WHAT YOU ARE ASKED TO DO — The material below is to be copied exactly from the line with "- Fight the" up to and including the line with "Nowoczesny parasol ogrodowy", with nothing else kept and no pictures.

RECORDS FOR THE TASK —
==*==
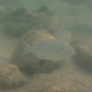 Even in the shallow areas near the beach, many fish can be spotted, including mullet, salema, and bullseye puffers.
==*==
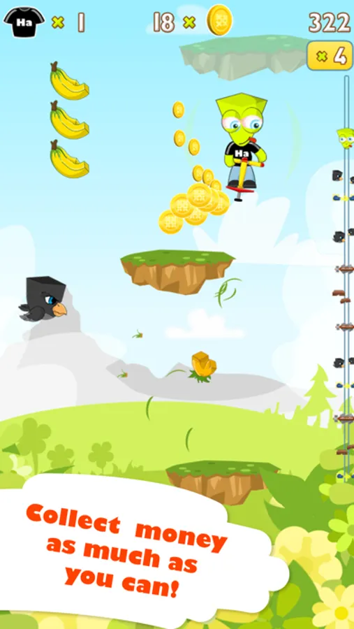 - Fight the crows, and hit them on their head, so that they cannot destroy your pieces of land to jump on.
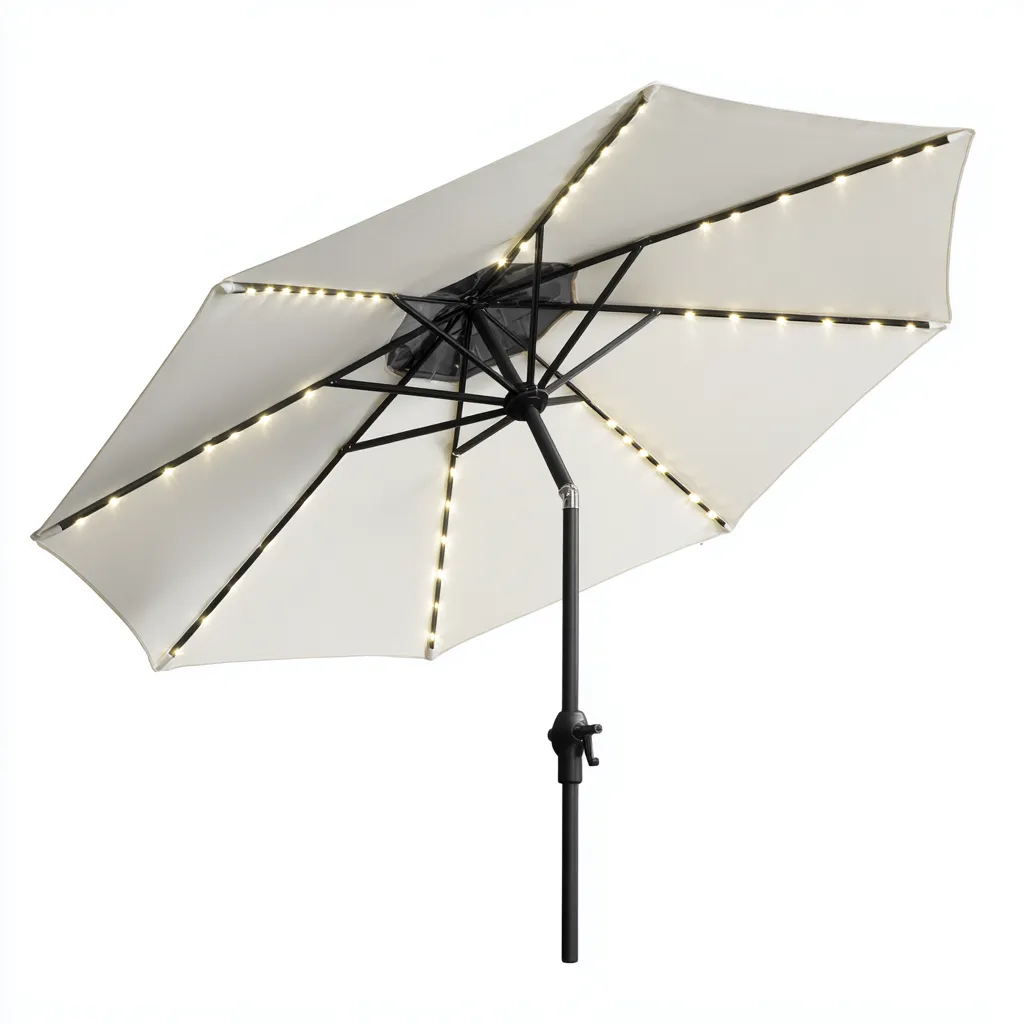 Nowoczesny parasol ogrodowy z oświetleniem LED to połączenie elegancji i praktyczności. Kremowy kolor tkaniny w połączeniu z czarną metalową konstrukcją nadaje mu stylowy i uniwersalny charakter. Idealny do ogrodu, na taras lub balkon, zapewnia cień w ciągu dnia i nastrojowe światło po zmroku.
==*==
SOLUTION —
 - Fight the crows, and hit them on their head, so that they cannot destroy your pieces of land to jump on.
 Nowoczesny parasol ogrodowy z oświetleniem LED to połączenie elegancji i praktyczności. Kremowy kolor tkaniny w połączeniu z czarną metalową konstrukcją nadaje mu stylowy i uniwersalny charakter. Idealny do ogrodu, na taras lub balkon, zapewnia cień w ciągu dnia i nastrojowe światło po zmroku.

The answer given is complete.